Man inspecting propane hot water heater

Because of their potential for lower energy costs, tankless water heaters are becoming more popular in new homes and as replacements for storage tank units in existing ones. Propane tankless water heaters provide homeowners savings in energy costs compared with typical electric tank models. Their small footprint, ability to heat water quickly on demand, and ease of installation near the point of use are also attractive features.

Knowing how to predict hot water demand is key to meet performance and cost expectations. Professional plumbers and HVAC installers know to ask the right questions: Who will be using hot water in the home, and for what purposes? How many occupants will be in the residence? What appliances will be creating the demand for hot water and what are their delivery rates? Knowing those answers is the first step to specify a system that can meet those needs.

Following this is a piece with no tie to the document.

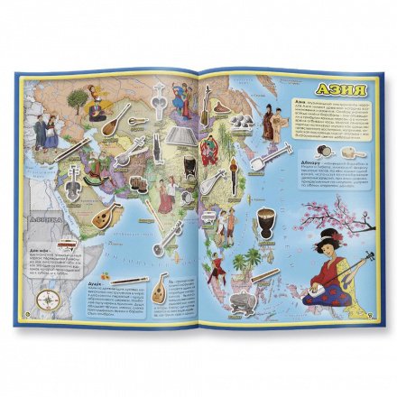 Купить Атлас мира с наклейками Музыкальные инструменты в Новосибирске Вы можете в магазине развивающих и настольных игр "Игры Почемучек".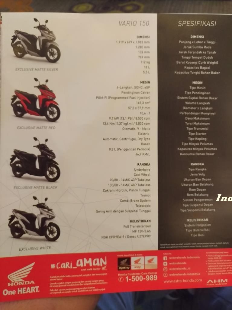 Ternyata masih ada lagi perubahannya, yakni dari velg dan ban! Velg berubah bentuk, jadi mirip velg Beat FI namun lebih kekar.. Praktis, ukuran ban dinaikkan satu step jadi 90/80-14 dan belakang 100/80-14, makin padet dan berasa handlingnya brosist.. Cakramnya juga sudah menganut tipe Wavy Disk sehingga lebih baik dalam menyebarkan panas hasil gesekan. Knalpot? Ini yang paling sangar, ngambil Knalpotnya CB150R dan CBR150R! Wuidihh.. Kok jadi ala ala sport ini vario. Wkwkwk… Okeh, kita lanjut bahas Pilihan Warnanya!

Installers should also know the difference between outdoor ground temperatures and the desired indoor hot water temperature, or Delta T. That will tell you how much the water will need to heat and, therefore, how quickly the unit can deliver hot water. For example, if the incoming groundwater temperature is 50 degrees and the typical showerhead delivers 2.5 gallons per minute (GPM), in most cases water should be heated to at least 120 degrees, so the home will need a tankless unit that can heat 2.5 GPM by 70 degrees. Lower flows can be heated to a bigger temperature rise and higher flows to a smaller temperature rise. Most propane tankless water heaters on the market can handle a rate of 5 GPM at a 70-degree temperature rise.

Pro Tip: As temperatures fall, more time and energy are needed to heat water to the desired level. To ensure your hot-water units meet demand throughout the entire year, it’s important to know how they’ll perform in cold weather. For example, a unit that can produce 8.5 GPM on a steamy summer day will produce only 5 to 6 GPM in the cold winter weather. Be aware of how low ground temps can go and the Delta T, as well as how much water a household will need. The bigger the gap, the lower the unit’s flow rate will be.

Peak demand scenarios are why pros shouldn’t assume an undersized system will cover their client’s full range of needs. Oversizing isn’t as big of a concern with tankless systems. While oversizing a traditional tank water heater would result in significant wasted energy over the life of the unit, tankless units vary their flow rates based on demand. Therefore, having excess capacity doesn’t necessarily mean a tankless system is using more energy.

New projects can more easily accommodate tankless units at the point of use than can existing homes, which are often designed for a central tank system and therefore may be better suited for one or more units installed in the basement. Multiple units may be used to handle larger loads or as homeowners scale up in the future as their hot water needs change.

To determine the optimal number of tankless units for a home, you must know the occupants’ consumption habits and then size a system to meet that need. Determine peak demand and gauge actual usage and lifestyle habits. Then, compare prices for systems that meet those needs relative to your client’s budget. Put in as much capacity as those factors will allow to balance cost and comfort.

The technology behind propane tankless water heaters brings many, including increased efficiency and cost savings, an endless supply of hot water and smaller, more compact units. Selecting and installing the right system will pay dividends for years to come.